Search code examples
neural-networkchainer

How to implement separate learning rate or optimizer in different layer in Chainer?


In my structure of NN, I wanna use different learning rate or optimizer , e.g. AdaGrad, in each layer. How to implement it? Wait for your help. Thks.


Solution

  • After you setup optimizer to the model, each parameter of link in the model has update_rule attribute (e.g. AdaGradRule in this case), which defines how to update this parameter.
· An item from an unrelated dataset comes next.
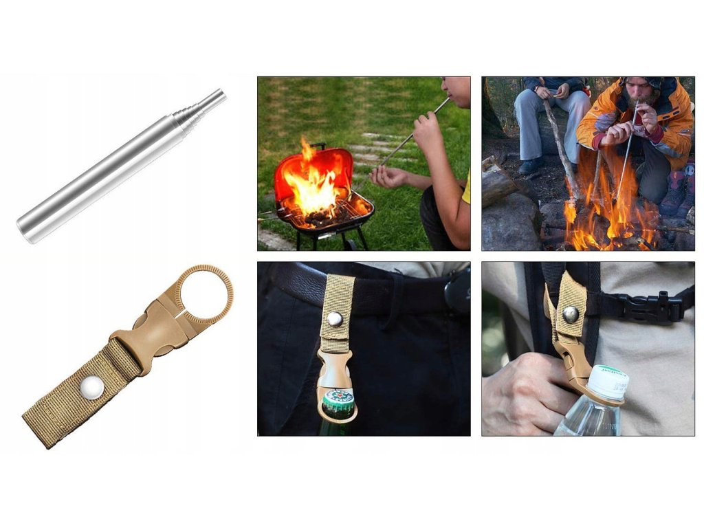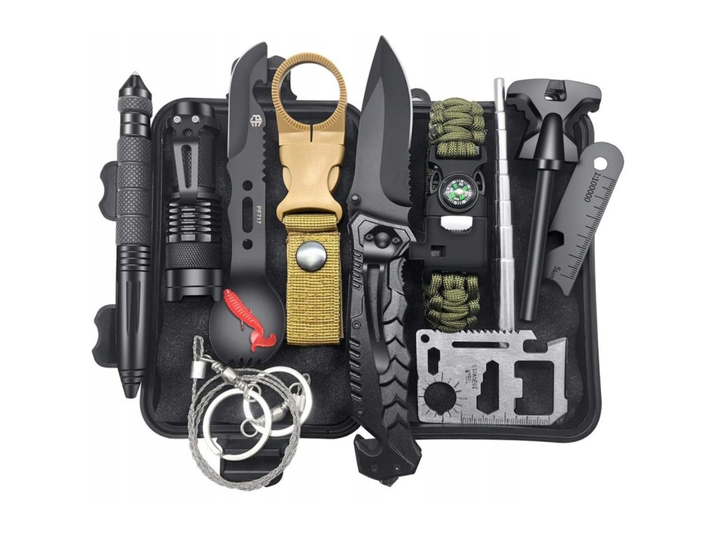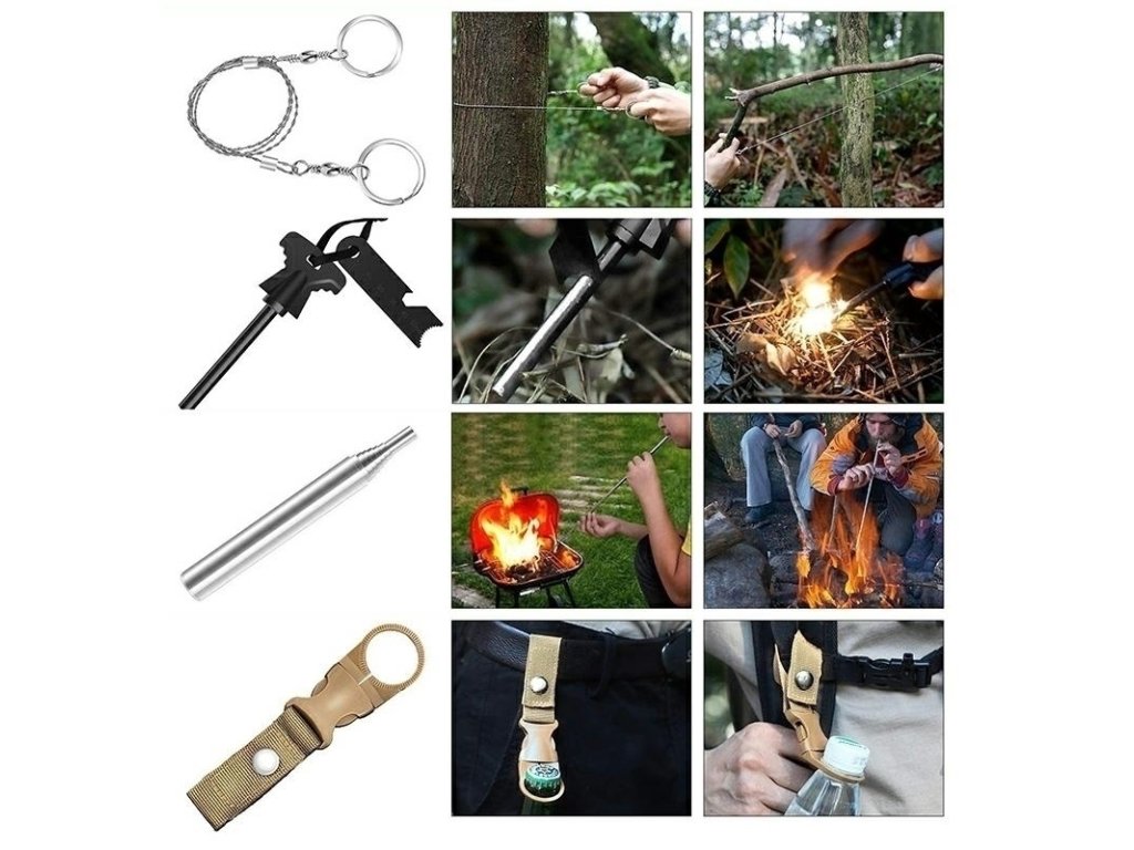 Sada pro nouzové přežití se základními nástroji.

    And each update_rule has hyperparam attribute separately, so you can overwrite these hyperparam for each parameter in the link.

    Below is a sample code,

    class MLP(chainer.Chain):
    
        def __init__(self, n_units, n_out):
            super(MLP, self).__init__()
            with self.init_scope():
                # input size of each layer will be inferred when omitted
                self.l1 = L.Linear(n_units)  # n_in -> n_units
                self.l2 = L.Linear(n_units)  # n_units -> n_units
                self.l3 = L.Linear(n_out)  # n_units -> n_out
    
        def __call__(self, x):
            h1 = F.relu(self.l1(x))
            h2 = F.relu(self.l2(h1))
            return self.l3(h2)
    
    model = MLP(args.unit, 10)
    classifier_model = L.Classifier(model)
    if args.gpu >= 0:
        chainer.cuda.get_device_from_id(args.gpu).use()  # Make a specified GPU current
        classifier_model.to_gpu()  # Copy the model to the GPU
    
    # Setup an optimizer
    optimizer = chainer.optimizers.AdaGrad()
    optimizer.setup(classifier_model)
    
    # --- After `optimizer.setup()`, you can modify `hyperparam` of each parameter ---
    
    # 1. Change `update_rule` for specific parameter
    #    `l1` is `Linear` link, which has parameter `W` and `b`
    classifier_model.predictor.l1.W.update_rule.hyperparam.lr = 0.01
    
    # 2. Change `update_rule` for all parameters (W & b) of one link
    for param in classifier_model.predictor.l2.params():
        param.update_rule.hyperparam.lr = 0.01
    
    # --- You can setup trainer module to train the model in the following...
    ...